• **TASK STATEMENT**
No pictures should appear. The lines from the beginning of the listing through the one holding "Tens of thousands" must be reproduced exactly, and nothing more.

• **THE DATA**

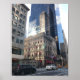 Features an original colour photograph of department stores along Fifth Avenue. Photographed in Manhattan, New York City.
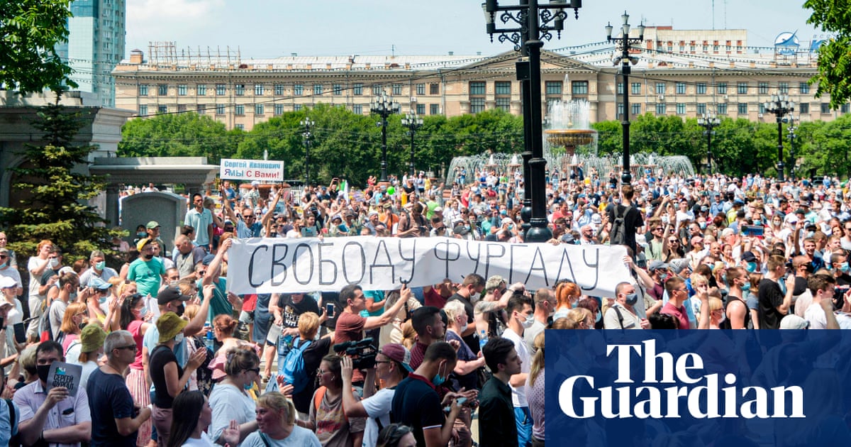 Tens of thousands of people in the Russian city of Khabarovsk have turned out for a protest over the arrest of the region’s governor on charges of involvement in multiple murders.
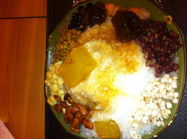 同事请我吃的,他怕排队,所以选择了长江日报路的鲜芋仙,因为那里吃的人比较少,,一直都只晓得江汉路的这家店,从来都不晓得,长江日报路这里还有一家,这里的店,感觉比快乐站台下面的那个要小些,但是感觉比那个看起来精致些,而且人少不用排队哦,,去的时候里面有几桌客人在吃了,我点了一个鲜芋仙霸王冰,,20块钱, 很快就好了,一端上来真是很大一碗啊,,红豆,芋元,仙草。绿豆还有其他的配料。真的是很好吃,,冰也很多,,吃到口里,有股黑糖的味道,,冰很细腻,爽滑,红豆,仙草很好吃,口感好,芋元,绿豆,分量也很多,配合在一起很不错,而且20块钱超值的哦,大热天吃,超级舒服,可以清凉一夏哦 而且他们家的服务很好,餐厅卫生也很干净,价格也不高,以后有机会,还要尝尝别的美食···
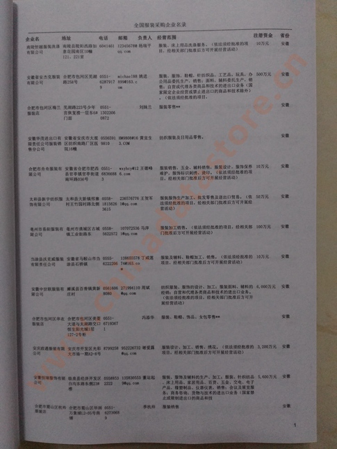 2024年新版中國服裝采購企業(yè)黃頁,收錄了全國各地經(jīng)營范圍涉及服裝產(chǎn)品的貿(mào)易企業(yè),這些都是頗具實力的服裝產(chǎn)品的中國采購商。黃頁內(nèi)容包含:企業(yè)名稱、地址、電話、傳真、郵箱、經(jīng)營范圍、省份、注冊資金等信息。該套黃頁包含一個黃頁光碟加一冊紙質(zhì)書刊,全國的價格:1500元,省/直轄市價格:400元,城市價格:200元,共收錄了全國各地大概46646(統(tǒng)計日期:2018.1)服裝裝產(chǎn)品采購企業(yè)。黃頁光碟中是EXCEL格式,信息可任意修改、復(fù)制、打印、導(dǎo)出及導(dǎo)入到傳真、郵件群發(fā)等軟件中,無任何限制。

• **EXERCISE ANSWER**
 Features an original colour photograph of department stores along Fifth Avenue. Photographed in Manhattan, New York City.
 Tens of thousands of people in the Russian city of Khabarovsk have turned out for a protest over the arrest of the region’s governor on charges of involvement in multiple murders.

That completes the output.